UTF8 string normalization

Hi,

during the development of a plug-in internal preset management system, I recognized the problem that strings received from text edits have a different UTF8 normalization. For example, the character “ä” on Mac is encoded as 0x61CC88 and on Windows as 0xC3A4. So, on Mac, VSTGUI prefers to work with decomposed umlaut characters, however on Windows the precomposed characters are used. This becomes a problem as soon as you wish to store strings persistently in a platform independent way. What I did to overcome this issue, is to modify the function CocoaTextEdit::getText() by returning the precomposedStringWithCanonicalMapping instead of the decomposedStringWithCanonicalMapping.
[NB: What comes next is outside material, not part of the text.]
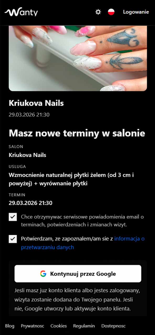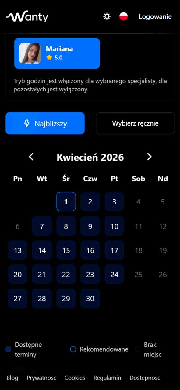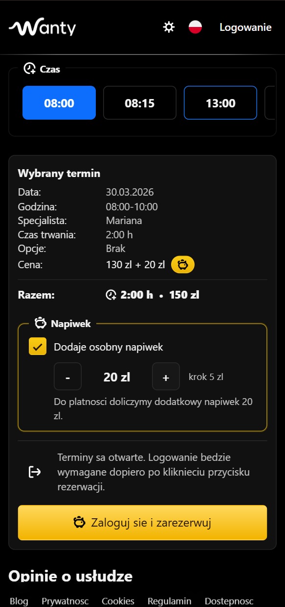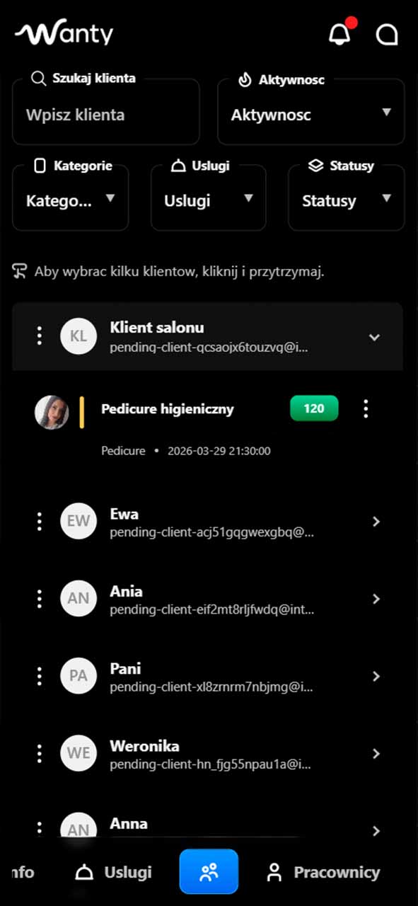 Wanty is a web platform for salons, barbershops, and beauty studios that combines online booking, schedule management, service setup, and client communication in one place.

This resolves the issue and yields a platform independent unique UTF8 string handling.

My question now is, what is the reason, why VSTGUI always returns the decomposedStringWithCanonicalMapping? Is there any reason, why this odd behaviour is necessary?

Regards,

Joscha

Hi Joscha,
it’s not odd behaviour. It’s the same normalization the filesystem on macOS is using. I think the bug I fixed when I changed this to the current form was where a user pasted in some text for a filename into a text field which was precomposed and used to create a new file, trying to open the file later with this precomposed string failed.
What exact issue did you have when storing the string ?

Cheers,
Arne

Hi Arne,

okay, this is an interesting fact. Thanks for the info, I really did not have any idea why one would like to explicitely use decomposed UTF-8 strings. We encountered a problem with our new plug-in internal preset management system, we currently develop. The problem was that when a user created a preset with some meta information, for example Author: “Andreas Schröder”, on a Windows system and afterwards created some new presets on Mac also with the same author name, the preset management system was unable to match the string “Andreas Schröder” created on the Windows system with the same string on Mac. So, finally, the preset management system handled both versions of “Andreas Schröder” like two different authors. This was only the case, because the ö was precomposed on Windows and decomposed on Mac. But we need a platform independent handling of UTF-8 strings to ensure that typing the same word always yields the same encoding, which is now given since we switched to precomposed strings on Mac.

I hope this clarifies our issue.


Regards,

Joscha

Hi Arne,

I checked copying a string from finder to our modified VSTGUI text edit that uses precompiled UTF-8 strings and it works perfectly fine here. I am using Mojave on an APFS formatted drive.

Regards,

Joscha